* _What needs to be done_
Nothing is needed except the lines below that run from the one with "商品名称:西屋Westinghouse 电炖锅 燕窝炖盅" through the one with "trọn khoảnh khắc.", repeated exactly.

Top of Data supplied

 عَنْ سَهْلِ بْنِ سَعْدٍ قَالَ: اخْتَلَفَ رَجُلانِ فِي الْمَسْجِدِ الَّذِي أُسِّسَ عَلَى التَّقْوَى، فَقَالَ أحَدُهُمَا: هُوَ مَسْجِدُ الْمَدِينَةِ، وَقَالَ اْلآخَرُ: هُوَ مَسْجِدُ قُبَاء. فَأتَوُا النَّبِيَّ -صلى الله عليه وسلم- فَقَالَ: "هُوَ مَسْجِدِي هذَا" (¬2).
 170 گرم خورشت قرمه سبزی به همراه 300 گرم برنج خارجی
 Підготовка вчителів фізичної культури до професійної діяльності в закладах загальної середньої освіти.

Bottom of Data supplied
Top of Data supplied

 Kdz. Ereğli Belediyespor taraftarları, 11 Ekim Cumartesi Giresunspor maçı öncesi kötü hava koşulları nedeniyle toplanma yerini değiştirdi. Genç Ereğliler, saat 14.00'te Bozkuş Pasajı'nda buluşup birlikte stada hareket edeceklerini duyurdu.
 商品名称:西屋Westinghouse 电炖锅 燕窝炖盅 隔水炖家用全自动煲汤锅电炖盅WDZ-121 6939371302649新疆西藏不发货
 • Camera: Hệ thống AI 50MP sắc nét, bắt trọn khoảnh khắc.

Bottom of Data supplied

* _Reply_
 商品名称:西屋Westinghouse 电炖锅 燕窝炖盅 隔水炖家用全自动煲汤锅电炖盅WDZ-121 6939371302649新疆西藏不发货
 • Camera: Hệ thống AI 50MP sắc nét, bắt trọn khoảnh khắc.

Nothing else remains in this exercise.